Menu
Ancient Egypt / Blog

AKHENATEN, TUT, AND ZANNANZA!

Akhenaten001 (1).jpgAKHENATEN, TUT, AND ZANNANZA!

“My husband is dead. I have no son. But they say that you have many sons. If you would give me one of your sons, he would become my husband.” And Pharaoh! The request is in Akkadian cuneiform, but from the wife of an Egyptian King. It is written to Suppiluliuma, King of the Hittites. After investigating the unusual request, Suppiluliuma sent one of his five sons, Zannanza, to Egypt. That action led to the deaths of both his son and the Hittite King.

But which Queen of Egypt? Akhenaten’s widow, Nefertiti? Or Ankhesenamun, Tutankhamun’s widow. Was Ankhesenamun forced to marry Tut’s elderly minister, Ay, when he became Pharaoh? For she did, and died, and disappeared from history soon thereafter. More foul play?

Ay was “Overseer of all the Horses” for Pharaoh Akhenaten. Then he became Grand Vizier to Pharaoh Tutankhamun. Did Ay order Zannanza’s killing? After Tut’s short reign? To seize legitimacy, and the crown, by marrying Tut’s young widow?

If so, he didn’t last long as Pharaoh. Only four years. He was replaced by Egyptian Army General, Horemheb. Horemheb was away fighting the Hittites. Did he murder Ay after he returned?

Let’s take a step back and see how we got here.

Akhenaten. Tenth Pharaoh of the 18th Dynasty in the New Kingdom of Egypt. Akhenaten (“Effective For Aten”) ruled as Pharaoh from 1358 to 1340 B.C. Originally named after his father, he was called Amenophis IV (“Amun is Satisfied”). He inherited an

economy expanded by Queen Hatshepsut and an international empire forged by Pharaoh Thutmose III.

But Akhenaten’s name was not recorded in the Egyptian lists of kings. His monuments had been defaced, his history erased by his successors, including his son, the boy king, Tutankhamun. Tut would reign for only nine years over the lands he inherited from his father. And the reign of Akhenaten, himself, would have to be rediscovered.

Akhenaten and his principal wife, Nefertiti, had six daughters. He probably fathered his immediate successor, Smenkhkare, with another woman. But that son would only serve as Pharaoh for two years.

Gods don’t prepare well for their successors. Prophets do, and so do Pauls. But Akhenaten did not. The next Pharaoh, Tutankhamun, was also one of Akhenaten’s sons by another consort. Then Tut married his sister. Did the destruction of his father’s memory begin then? In some sort of Freudian, Shakespearean frenzy?

Akhenaten worshiped the sun, Aten. He made Aten the only God and merged the other gods into the sun’s amorphous disk so that his God became abstract. Approachable only by, and living in, the Pharaoh himself. No longer accessible through icons, images, or sculptures of the deity. Do you want to talk to God? Go see the Pharaoh. Akhenaten then closed down the temples of Amun and fled Luxor, Karnak and Thebes.
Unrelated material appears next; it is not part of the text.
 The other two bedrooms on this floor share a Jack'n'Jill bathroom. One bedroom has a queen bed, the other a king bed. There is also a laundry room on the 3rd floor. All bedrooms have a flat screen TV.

To follow him, you will have to move downriver to his new capital city!

Akhenaten moved to virgin land, so new was his view of religion. We call it Amarna, after Bedouin tribes who moved in three hundred years ago. He called his city the “Horizon of the Aten,” and built it so that the first light of his god, Aten, would crest over a gap in the eastern cliffs and bade down upon his palace.

 

The extreme action of a zealot, you think? Constructing a new city, you say? Was not our nation’s capital established in the same way? Far away from existing places of power? Constructed not on deserts, but on marshy lands lying fallow before? And were not our forefathers inflamed with revolutionary zeal? And is not our Constitution something like a religion? Was it not put down in writing, as were the hieroglyphic texts and the fourteen boundary stelae set out by Akhenaten defining the life to be lived in this new land? Maybe our Bill of Rights marks our boundaries? And we raised the tallest obelisk in the world in the memory of the man who founded it. Not as Pharaoh, but as “President!”
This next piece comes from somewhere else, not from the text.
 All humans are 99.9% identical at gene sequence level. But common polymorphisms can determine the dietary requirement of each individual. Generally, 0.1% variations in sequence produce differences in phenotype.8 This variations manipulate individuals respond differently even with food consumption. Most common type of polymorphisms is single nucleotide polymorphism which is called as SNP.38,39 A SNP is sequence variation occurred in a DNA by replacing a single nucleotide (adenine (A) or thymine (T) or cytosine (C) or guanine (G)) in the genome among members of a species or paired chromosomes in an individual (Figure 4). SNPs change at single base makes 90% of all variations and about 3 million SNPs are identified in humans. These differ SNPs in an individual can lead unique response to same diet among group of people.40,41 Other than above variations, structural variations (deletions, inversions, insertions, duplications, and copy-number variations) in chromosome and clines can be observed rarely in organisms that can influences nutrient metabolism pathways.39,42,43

But if Akhenaten’s memory was obliterated, how was his reign rediscovered? What was in the cliff face tombs, behind the lost city, first drew the archaeologists. For the figures carved and drawn there, mostly of the royal family, were odd. Strangely formed, and excitingly active. Human. Almost feminine in their characteristics. And always receiving the rays of life directly from the sun god, just as we do so today. Go outside. You’ll feel alive. Just like they did.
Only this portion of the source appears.